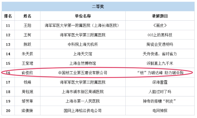 3月11日,第十届上海市科普讲解大赛总决赛在上海宝山智慧湾科创园举行,来自全市各个领域的40名选手同台竞技,共谱“科普最强音”。最终大赛决出一、二、三等奖及优秀奖各10名,其中,我区来自中国核工业第五建设有限公司的俞佳欣选手,以《“ 核 ”力碳达峰 助力碳中和》为讲解主题,荣获第十届上海市科普讲解大赛总决赛二等奖。
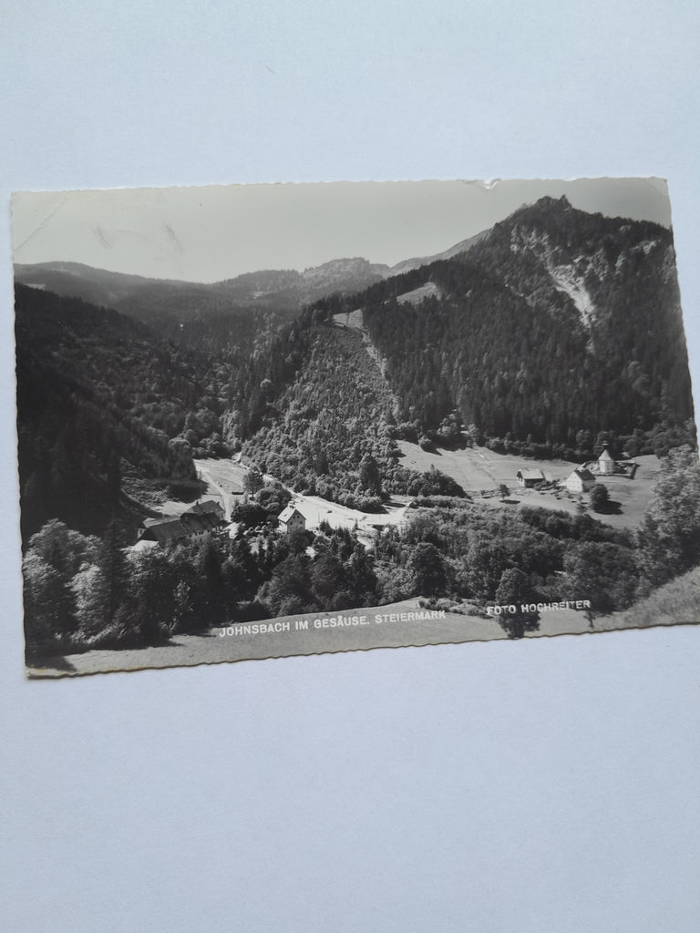 AK Johnsbach im Gesäuse. Gelaufen, aber Briefmarke wurde entfernt. Großformat. Verlag: Hochreiter. Zustand: obere Ecken geknickt, Einriss am oberen Rand.
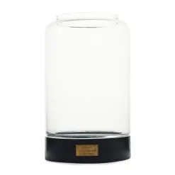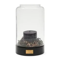 A glass windlight on a wooden base. The two can be separated, so the glass can also be used as a vase, but a bold candle with some decorative dried leaves and flowers looks just as nice. With gold RM Amsterdam plate.
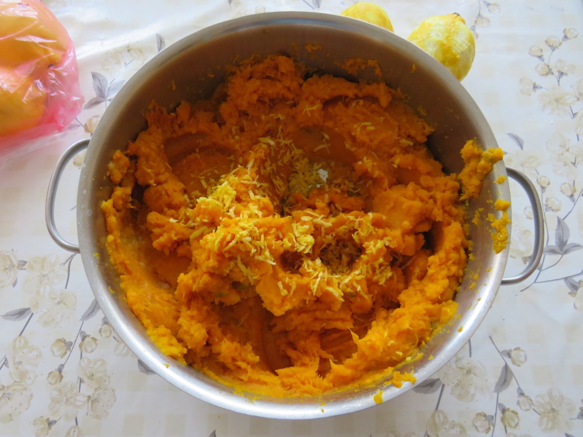 Skuvanu tikvu ocedimo od vode i pasiramo. Ako volite da ostanu komadići, dovoljno će biti da koristite gnječilicu za krompir kada su u pitanju manje količine.
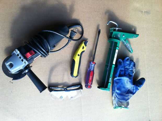 Sólo unas pocas herramientas se necesitan para una instalación de revestimiento de chimenea exitosa. Necesitarás un cúter, destornillador de cabeza plana, calafateo pistola, un par de guantes de trabajo y gafas de seguridad. Se muestra en la imagen es un molino con una rueda de corte. La amoladora le dará el mejor corte al cortar el forro de chimenea exceso. Una sierra sable o sierra para metales también funcionará bien. Una taladradora se necesitarán también para el proyecto pero no se muestra en la imagen.
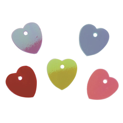 Изготовлены из высококачественного пластика. В наборе представлены 5 цветов в форме сердец. Оснащены отверстием для нити в центре. Предназначены для детей от 3 лет. Диаметр - 10 мм. Вес - 20 г. Поставляются в пакете с европодвесом.
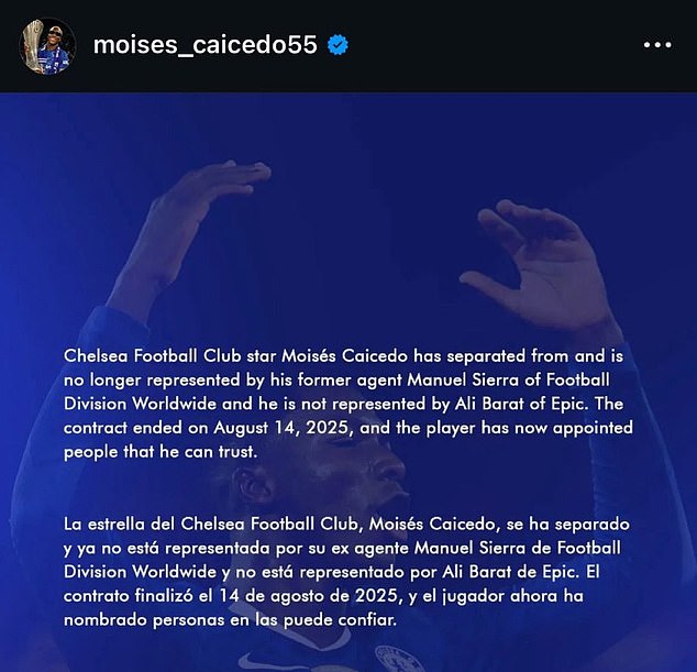 It was written on a photo of Caicedo celebrating and finished with: ‘The contract ended on August 14, 2025, and the player has now appointed people that he can trust.’
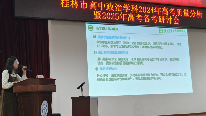 秋风朗朗,金桂飘香,在收获的季节里,桂林市高中政治学科2024年高考质量分析暨2025年高考备考研讨会在三亿官方官网三亿(中国)_三亿(中国)举行。会议由教研员莫岚老师主持,全市高三政治老师以及各区县政治教研员参与会议。 一、优秀示例、探讨交流 首先由桂电中学的唐梦阳老师执教高三一轮复习研讨课《必修四哲学与文化第八课:学习借鉴外来文化的有益成果》。唐老师聚焦高考真题,讲练结合,师生互动,生生互动,高效率帮助学生巩固本节课所复习的内容。
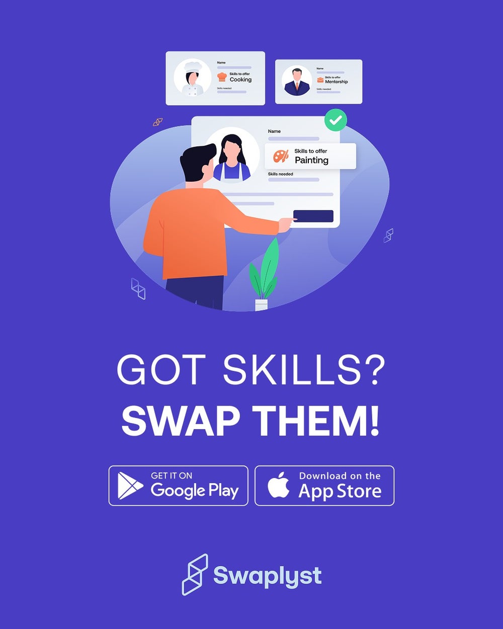 Swaplyst evolves the original concept into a modern platform driven by AI and natural language processing, offering a streamlined matching experience inspired by the ease of social apps but built around purpose, skill-sharing, and meaningful contribution.
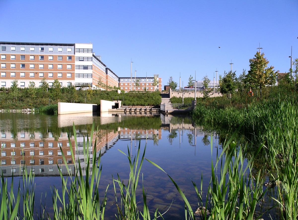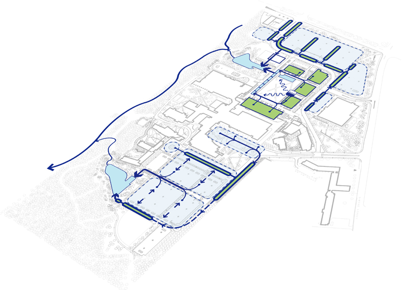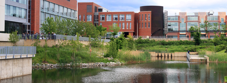 Le rôle du cabinet DTAH consistait à concevoir et à gérer le plan d’aménagement paysager de ce nouveau campus de 10 000 étudiants. L’Institut universitaire de technologie de l’Ontario est construit autour d’un quadrilatère central qui se prolonge par des jardins et des colonnades intimes vers l’environnement naturel et le stationnement. L’aménagement paysager combine des éléments du plan d’aménagement extérieur à des éléments de conception durables. Les eaux de toit et de ruissellement sont dirigées vers des étangs humides, des bassins biologiques et des bassins de rétention des eaux pluviales constituant une infrastructure durable de gestion des eaux de ruissellement qui de surcroît enrichit le paysage du campus. Les matériaux et le mobilier se marient à l’architecture contemporaine du campus composée de pierres calcaires, de béton, de bois et de métal. L’aménagement des plantations mélange des styles de paysage très ordonnancés à des styles naturalisés par la sélection de plantes indigènes.
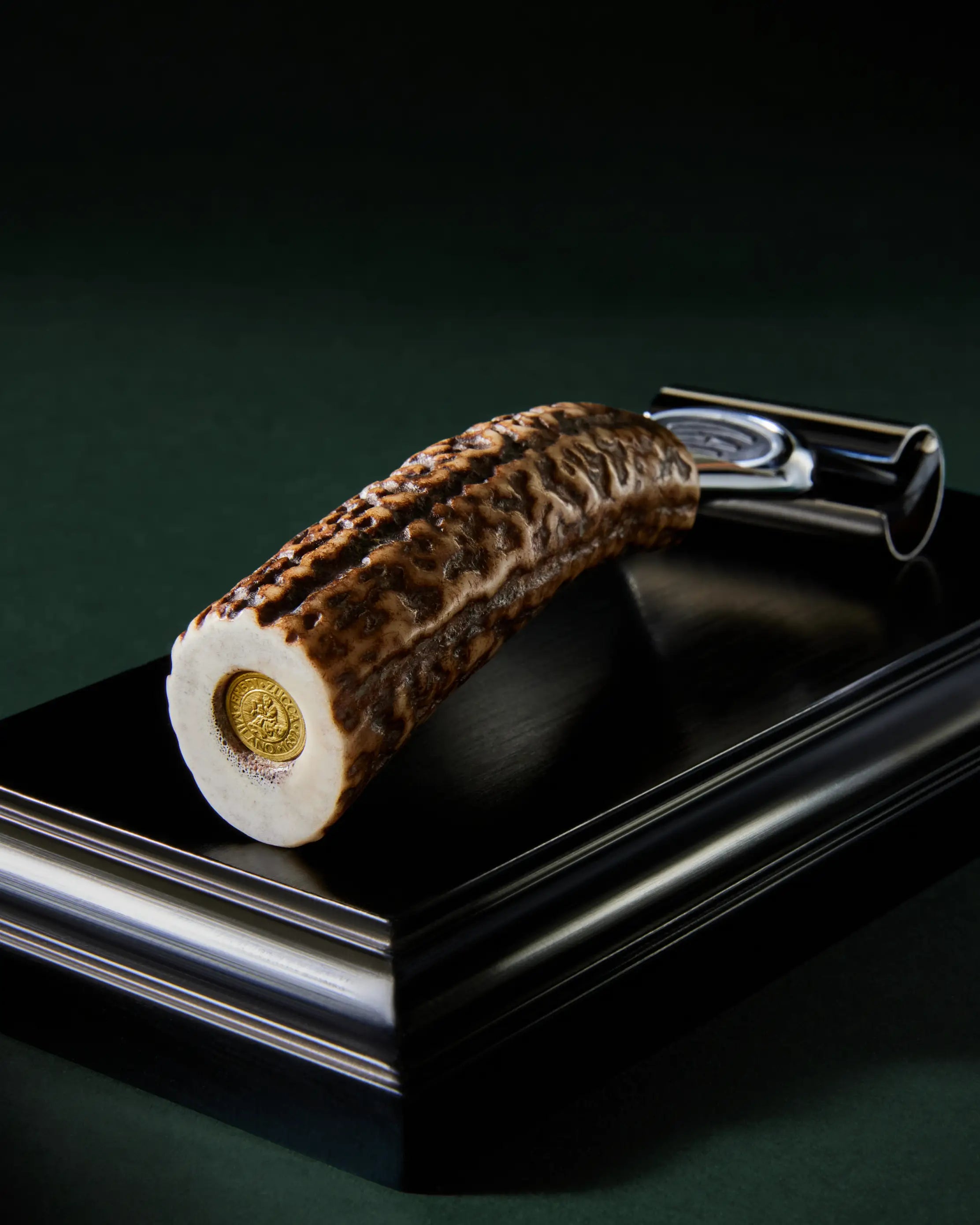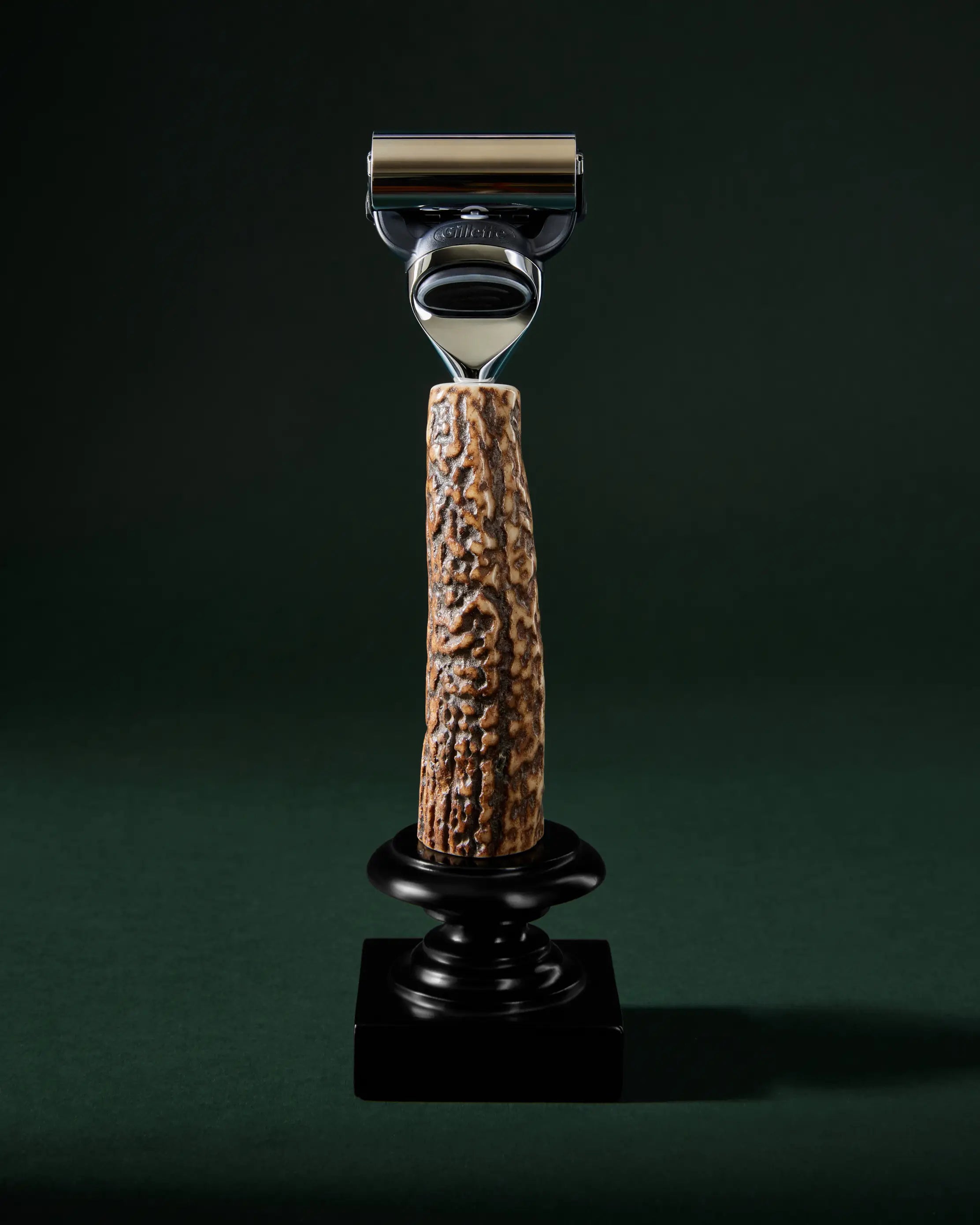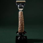 Razor with deer horn handle, hand-crafted in Italy. Designed with interchangeable fusion blades and head, and a brass Eredi Zucca medallion.
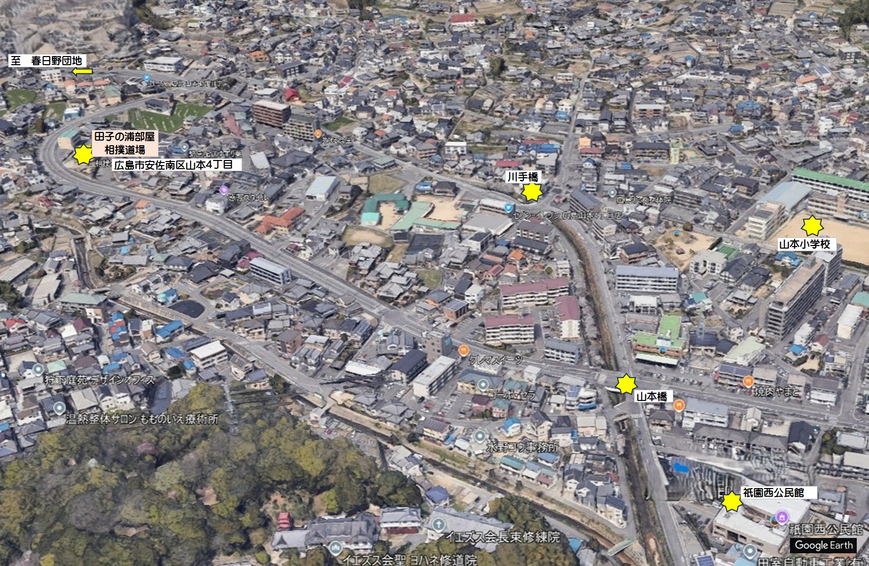 稽古は今年以降、毎年12月に 1〜2週間 程度行われる予定だそうです(中国新聞記事)。 道場の設置場所は、下の地図をご参照ください。
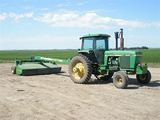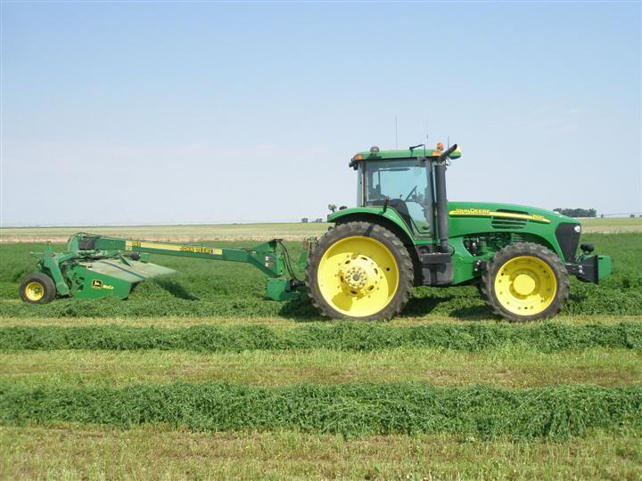 JD 7920 met 945 MoCo maaier bezig in een gewas luzerne.

########

- REQUIREMENT: Above are records; repeat only the lines from the line with "AK Johnsbach im" through the line with "Skuvanu tikvu ocedimo", and leave pictures out.

- FINAL ANSWER:
 AK Johnsbach im Gesäuse. Gelaufen, aber Briefmarke wurde entfernt. Großformat. Verlag: Hochreiter. Zustand: obere Ecken geknickt, Einriss am oberen Rand.
 A glass windlight on a wooden base. The two can be separated, so the glass can also be used as a vase, but a bold candle with some decorative dried leaves and flowers looks just as nice. With gold RM Amsterdam plate.
 Skuvanu tikvu ocedimo od vode i pasiramo. Ako volite da ostanu komadići, dovoljno će biti da koristite gnječilicu za krompir kada su u pitanju manje količine.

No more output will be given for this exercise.